Available data —
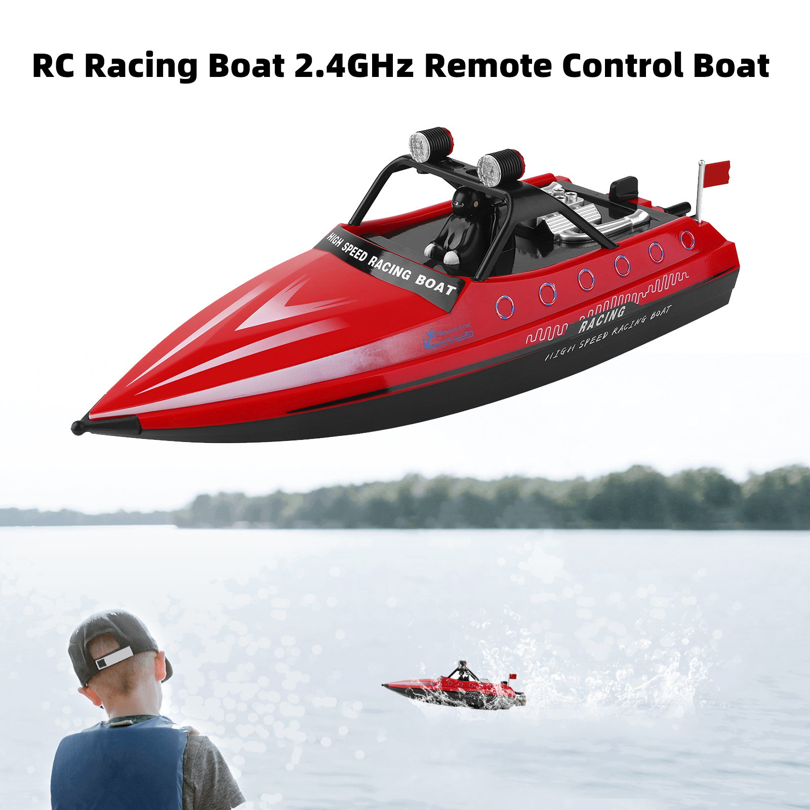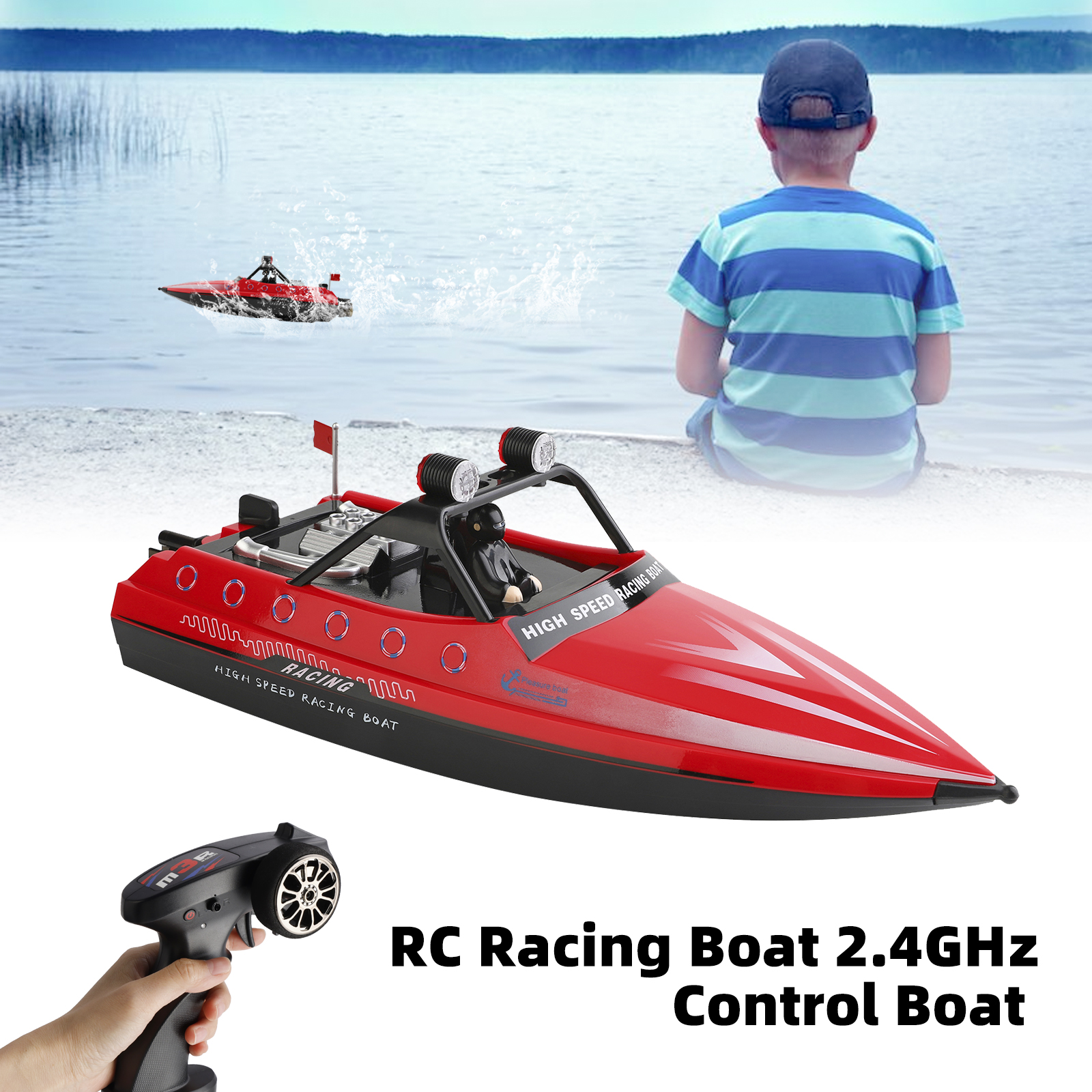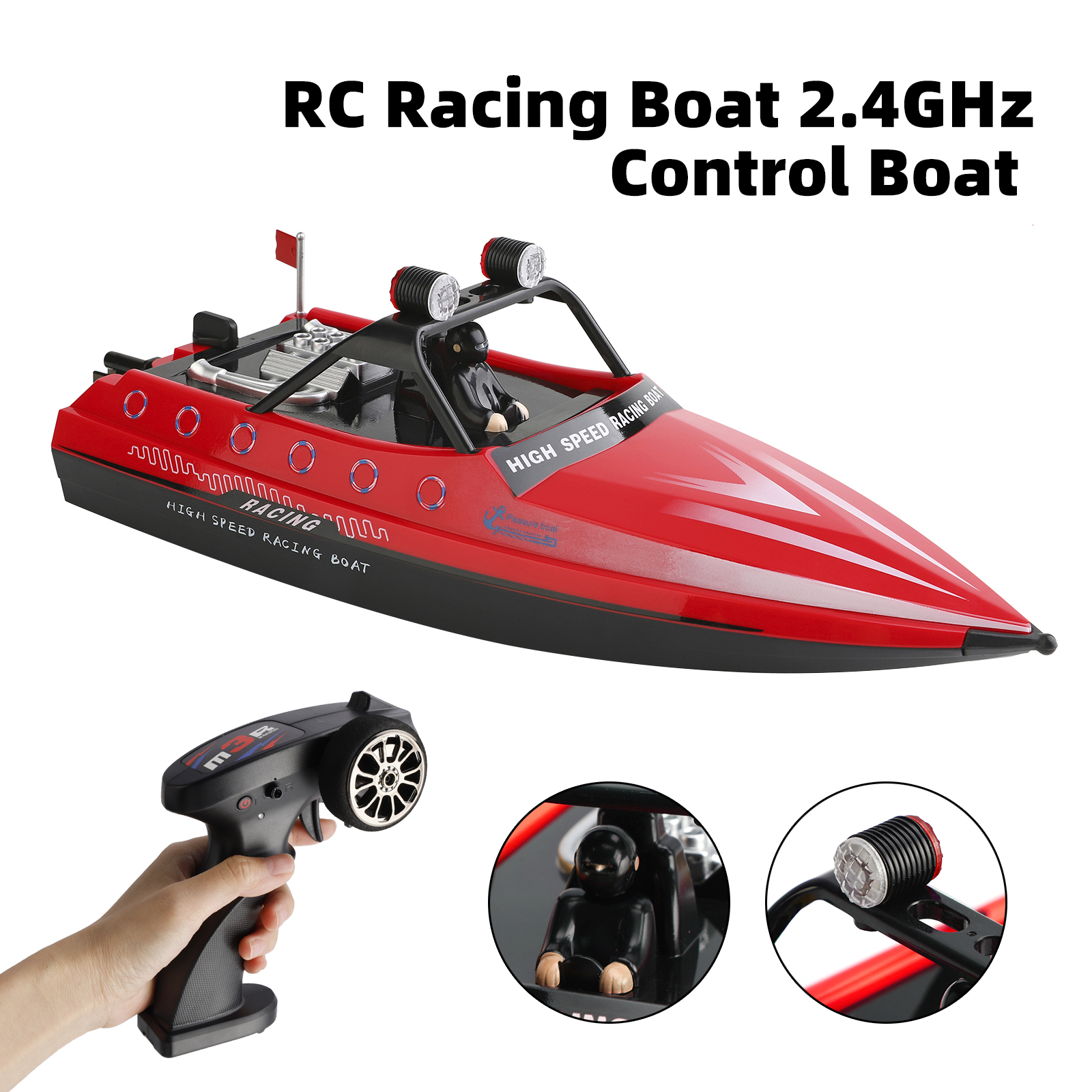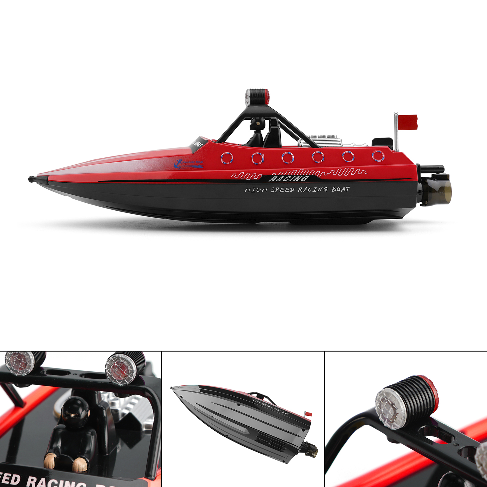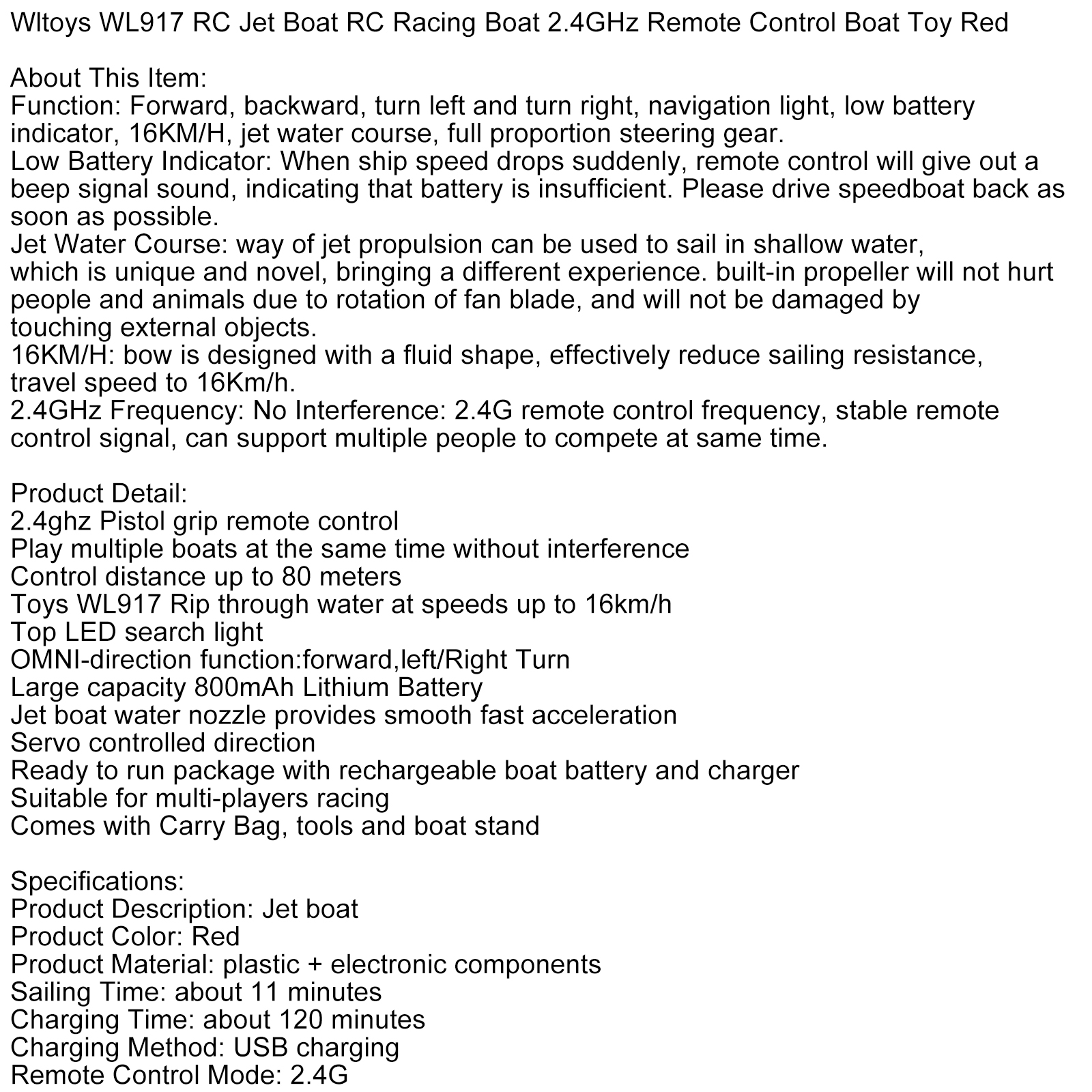 Function: Forward, backward, turn left and turn right, navigation light, low battery indicator, 16KM/H, jet water course, full proportion steering gear.
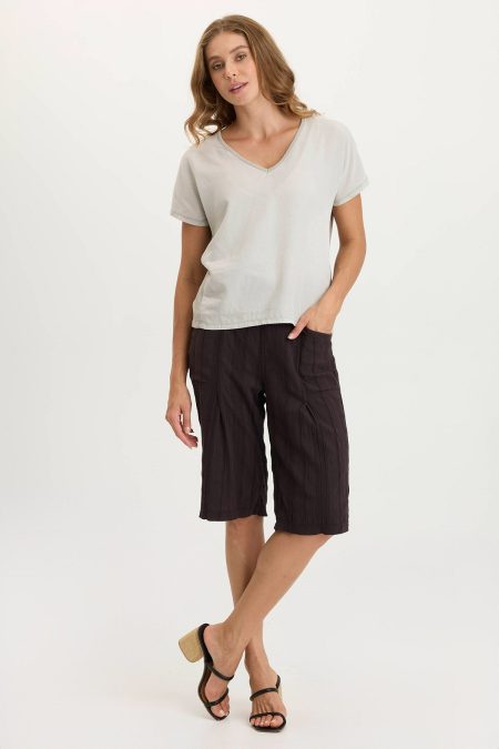 100.00$A drawstring elastic waistband makes this pinstriped linen longline short a must-have for Spring. Zippered cargo pockets on either side amp up the novelty. Tandem Stripe Linen: 40/33/25/2 Linen/Rayon/Nylon/Spandex 2×1 Rib Waistband: 95/5 Cotton/Spandex Inseam: ~24.5″ Front Rise: ~11″ Back Rise: ~17.25″ Waistband: Elastic Color Description: Cool Classic Khaki Preshrunk…
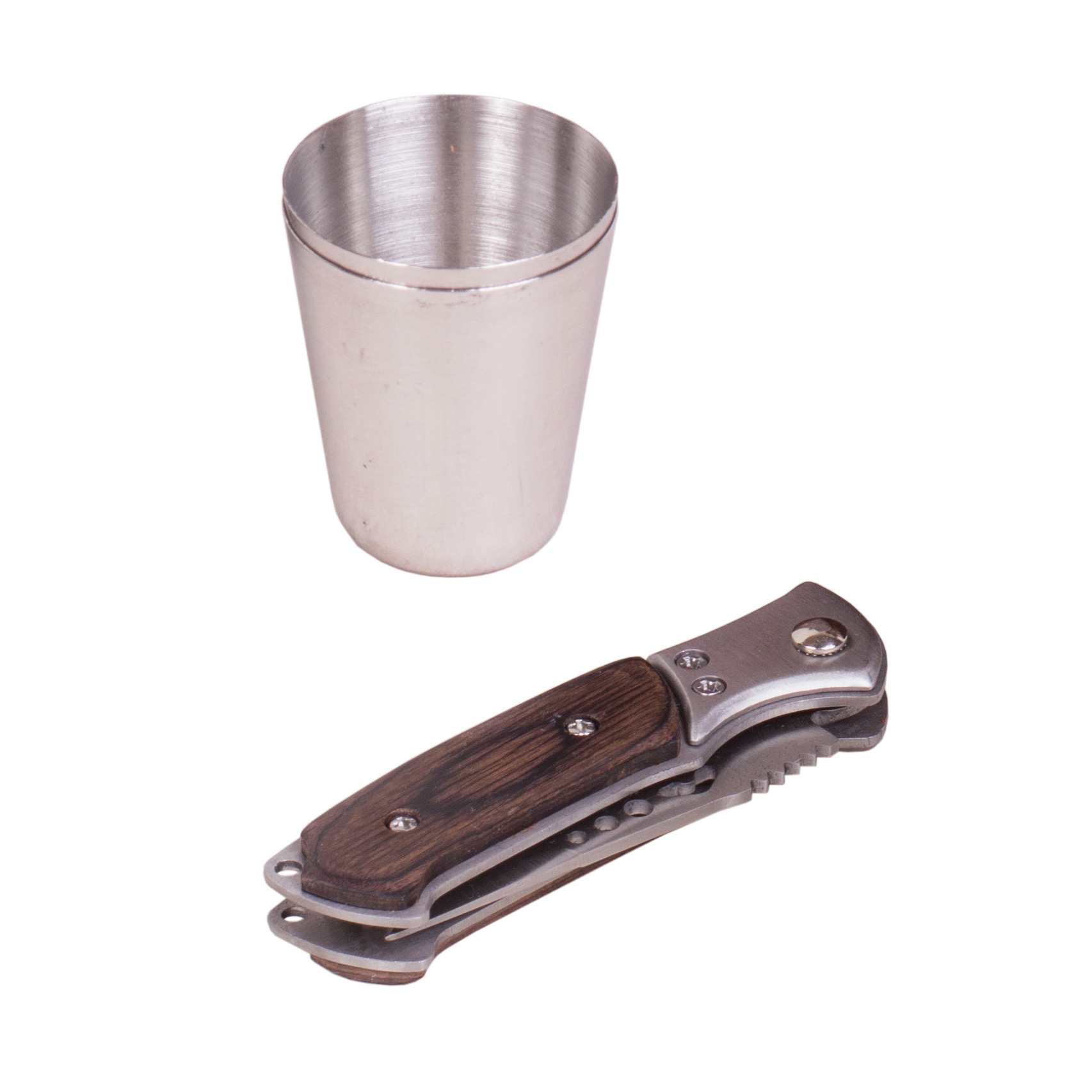В накладных кармашках, закрывающихся на кнопки, расположены 2 стаканчика из полированной пищевой стали и складной нож.

Directions —
The listing above should be returned word for word, with pictures omitted.

Solution to the exercise —
 Function: Forward, backward, turn left and turn right, navigation light, low battery indicator, 16KM/H, jet water course, full proportion steering gear.
 100.00$A drawstring elastic waistband makes this pinstriped linen longline short a must-have for Spring. Zippered cargo pockets on either side amp up the novelty. Tandem Stripe Linen: 40/33/25/2 Linen/Rayon/Nylon/Spandex 2×1 Rib Waistband: 95/5 Cotton/Spandex Inseam: ~24.5″ Front Rise: ~11″ Back Rise: ~17.25″ Waistband: Elastic Color Description: Cool Classic Khaki Preshrunk…
В накладных кармашках, закрывающихся на кнопки, расположены 2 стаканчика из полированной пищевой стали и складной нож.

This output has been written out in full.